8 Work on springing to a straight hip spine relation by jumping from sitting on your shins to a squat.

9 Jump rope on one leg at a time and use a heavy rope like a climbing rope.

10 Work on strengthening your toes for the jump especially the big toe by pulling and pushing on a blanket on the ground with just your toes.

And give it time 🙂

A visual aid to print:

jump skeleton sharon friedman

For Emily 🙂

One simple push

Complicated things are made of simpler and simpler things ? Let’s assume they are all the same and see how this works. Avoid learning how to open all keys and instead learn how a house is made.

Let us take a push to the back of the head and play with it and see if the situation changes or does it simply require the same approach in different ways.

Start with standing straight. Keep yourself straight and have a partner push your head and walk around you to push from all sides and angles. Keep your awareness on how your body creates a path of tension to keep you in place and add speed (not force) to the game to create and release the tension without delay.

Now, reverse the push point of view and lean on your partners hand from different directions and again feel the tension your body creates to keep you straight.

Now, choose a shoulder and start moving your body the moment your head is touched by your partner. Switch your start point every four pushes and go down the body until you reach the feet.

Now, push your partners hand with your head from all angles and have them work to push you where you are not active (paying attention) as you try to navigate the hand in your own direction. Move without snaps to keep yourself healthy and focus on breath first and contact second.

Now, have your partner circle you walking (initiating the predator pray mindset) and push you from your blind spots. Focus on breathing continuously and if you see it coming, move but not away J from the contact.

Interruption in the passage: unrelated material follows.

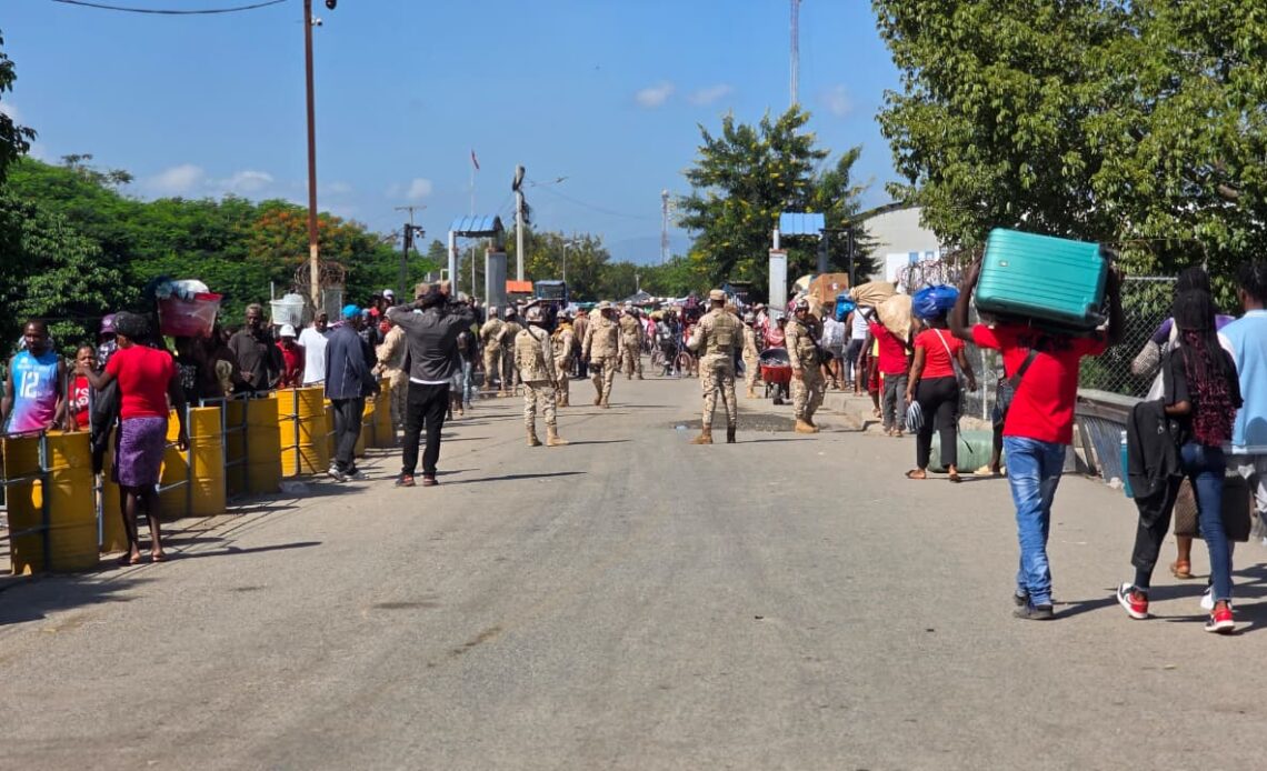 Debido al paro por parte de la Asociación de Motores de tres gomas en la ciudad de Juana Méndez, el flujo de haitianos este día a bajado gradualmente, mientras que algunos de ellos optan por transportar a pie la mercancía que compran en el mercado, bajo la estricta seguridad implementadas por las autoridades dominicanas en el pazo fronterizo.

Now, walk freely and have your partner walk behind you. This again initiates the predator pray mindset and it is important to keep in mind we are both at the same time. Have your partner push your head from behind as you walk and utilize what you have done so far to:

  1. Keep breathing without pause
  2. Keep moving without excess tension
  3. Adjust and act on the contact when it makes sense
  4. Use your entire body in every move

A fun addition is to grab their clothes as you push the head 🙂

Hang on a branch or bar afterwards to decompress the spine.

Breathing is a bridge

Once you can feel yourself breathing, you can open your sphere to connecting to others on the basic level. This applies to bodywork, to martial art and simply being aware.

 

Place your open hand on your partner and feel them breathing. It is easy on the chest area and more challenging in the limbs 🙂

Move with your partners breath to release their tension or to bring them to a stuck area they pay less attention to.

Place your mass on your partner (hand, fist, foot…) and sink in with relaxation as they exhale. Move deeper and deeper to allow relaxation in the contact and understanding in yourself.

Be static (standing, sitting) a step away from your partner and listen and look for their breath.

Walk with your partner and notice their breathing constantly.

Stand a step away from your partner and aim to make contact with them in between the inhale and the exhale. Have them move while on the edges of the pendulum.

Lie on the ground and roll over each other. Aim to be over your partners body and use the breath as a wave to ride over any obstacle.

Your breath is the key. It is not the only key.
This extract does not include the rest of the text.